**Task to carry out**
Would you repeat the data below exactly, taking out the images?

**Raw data**

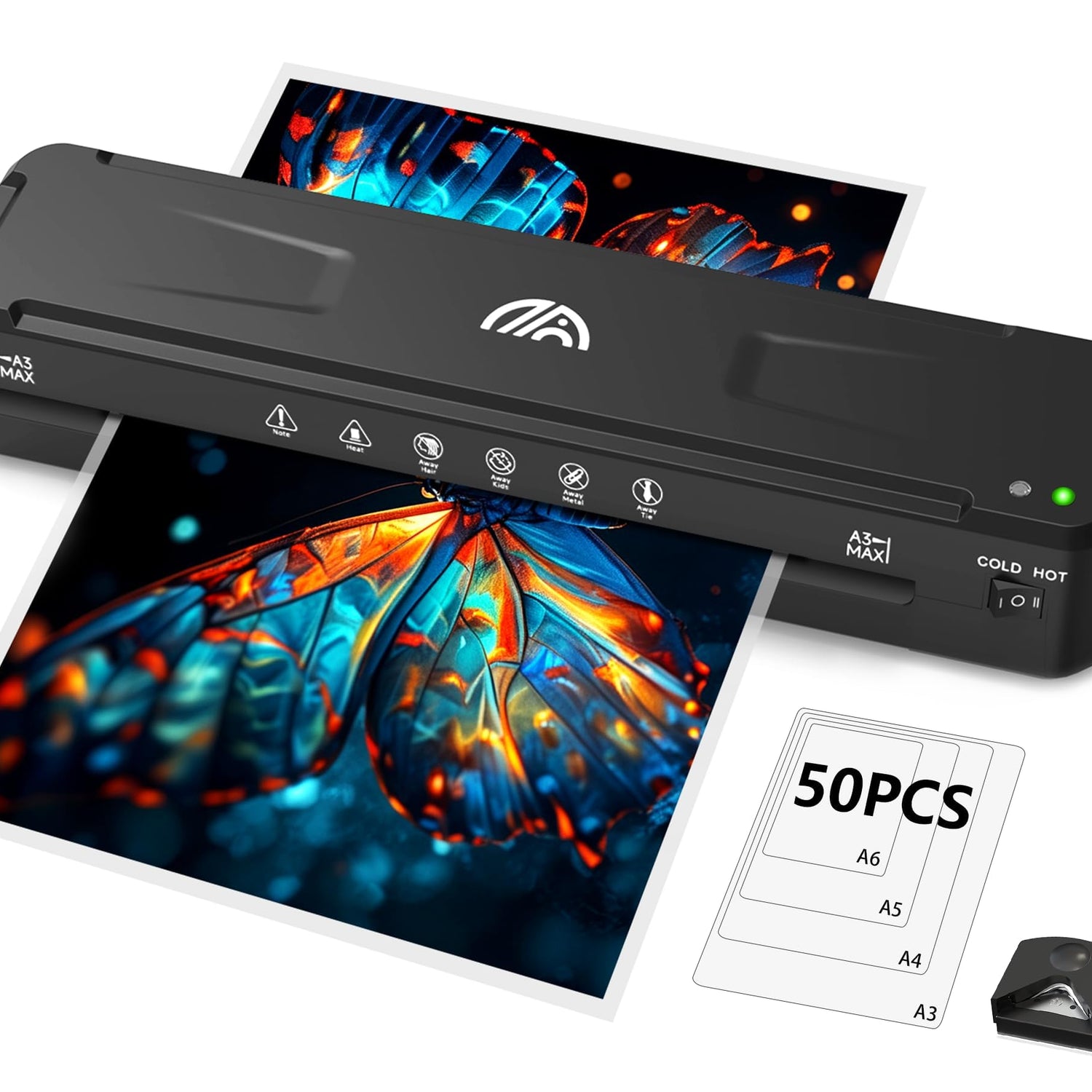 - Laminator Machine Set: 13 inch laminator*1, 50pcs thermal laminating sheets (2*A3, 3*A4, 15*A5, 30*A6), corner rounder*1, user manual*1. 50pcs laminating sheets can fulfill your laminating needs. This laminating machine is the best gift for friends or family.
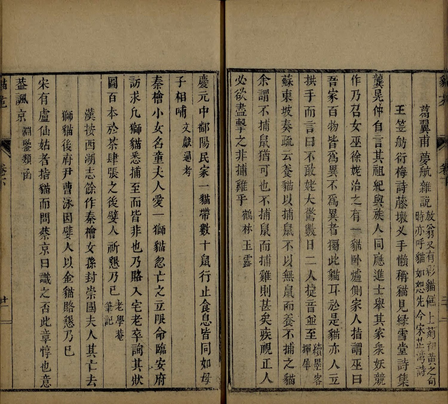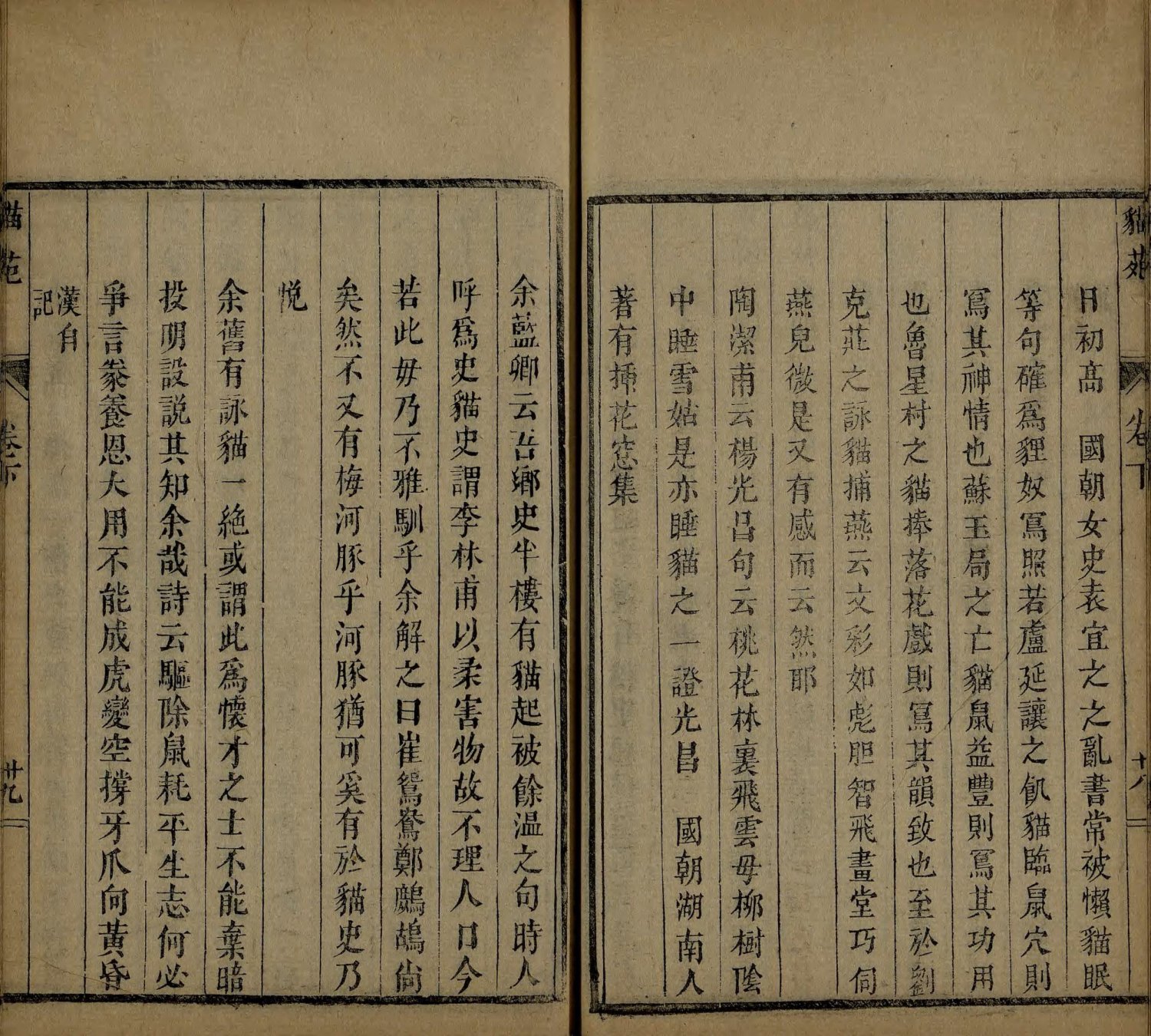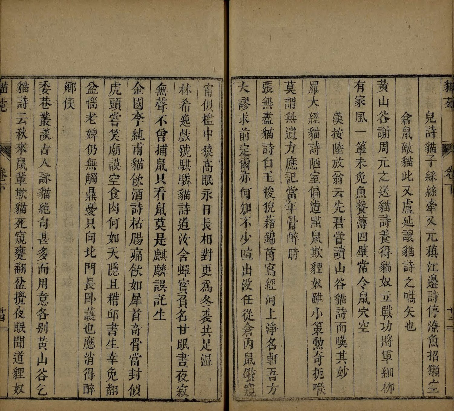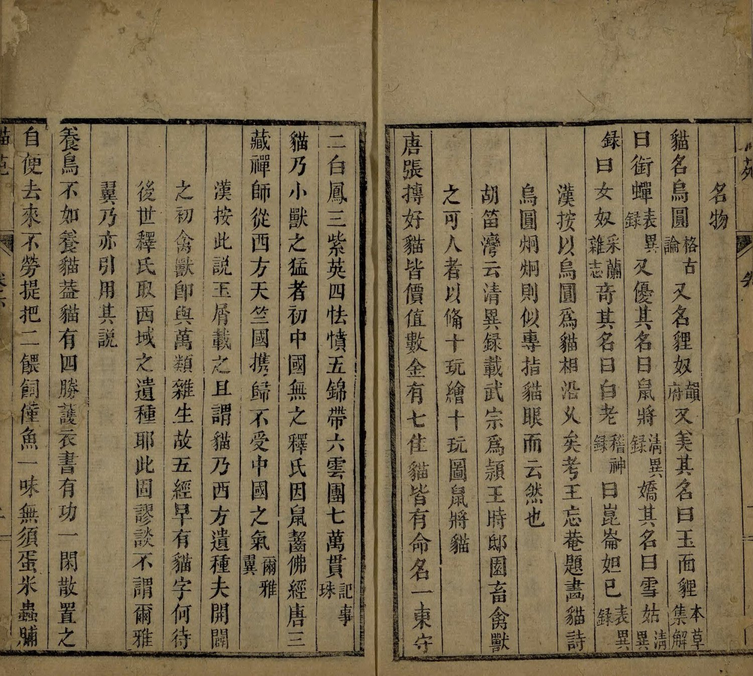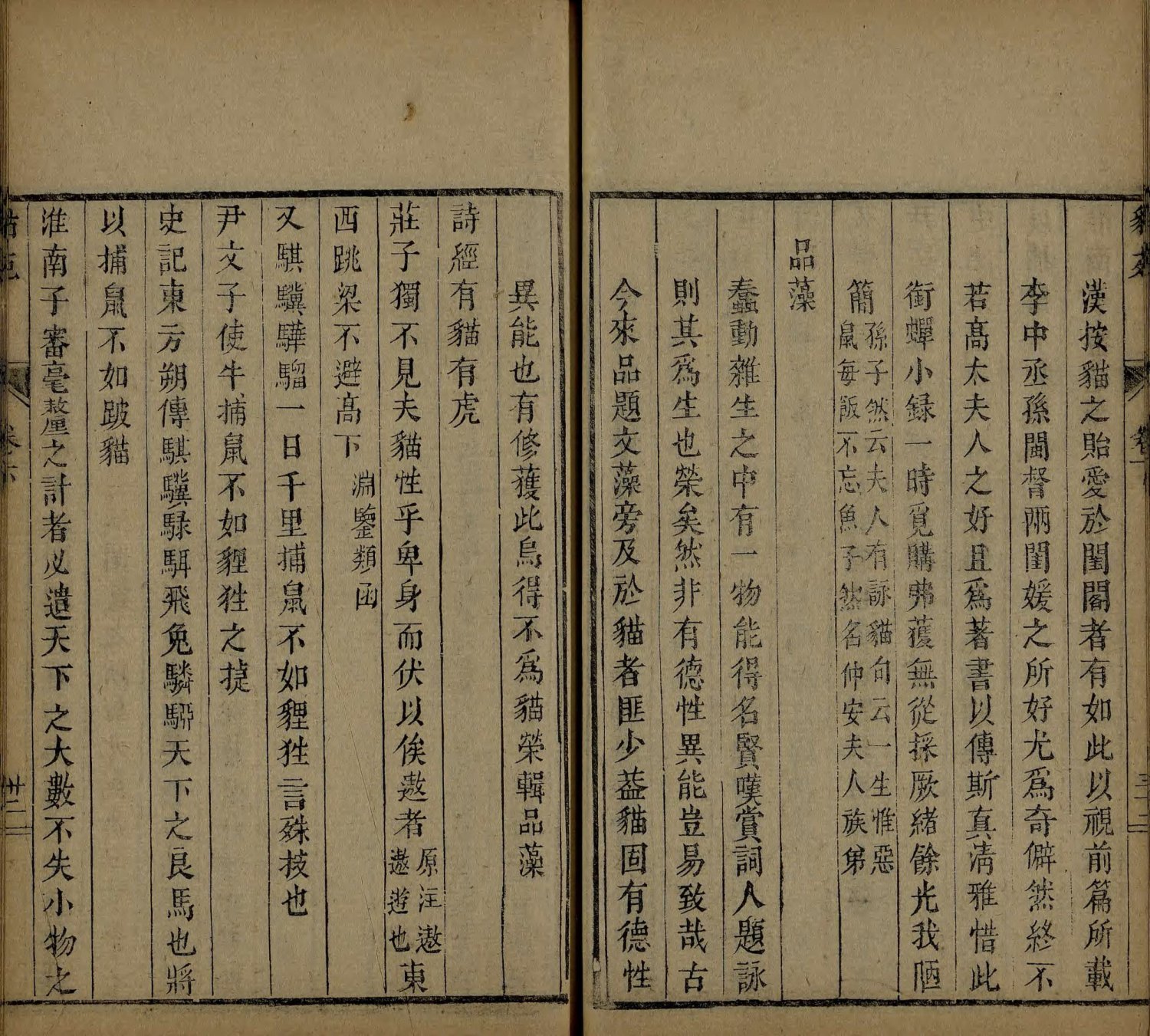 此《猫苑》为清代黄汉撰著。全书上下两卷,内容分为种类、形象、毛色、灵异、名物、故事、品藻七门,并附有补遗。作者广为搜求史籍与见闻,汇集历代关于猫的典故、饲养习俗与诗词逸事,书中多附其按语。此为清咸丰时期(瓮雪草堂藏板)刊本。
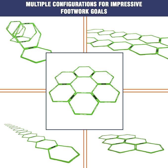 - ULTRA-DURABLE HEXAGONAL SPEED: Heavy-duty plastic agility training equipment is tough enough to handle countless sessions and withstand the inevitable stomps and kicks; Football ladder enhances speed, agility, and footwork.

**Written response**
 - Laminator Machine Set: 13 inch laminator*1, 50pcs thermal laminating sheets (2*A3, 3*A4, 15*A5, 30*A6), corner rounder*1, user manual*1. 50pcs laminating sheets can fulfill your laminating needs. This laminating machine is the best gift for friends or family.
 此《猫苑》为清代黄汉撰著。全书上下两卷,内容分为种类、形象、毛色、灵异、名物、故事、品藻七门,并附有补遗。作者广为搜求史籍与见闻,汇集历代关于猫的典故、饲养习俗与诗词逸事,书中多附其按语。此为清咸丰时期(瓮雪草堂藏板)刊本。
 - ULTRA-DURABLE HEXAGONAL SPEED: Heavy-duty plastic agility training equipment is tough enough to handle countless sessions and withstand the inevitable stomps and kicks; Football ladder enhances speed, agility, and footwork.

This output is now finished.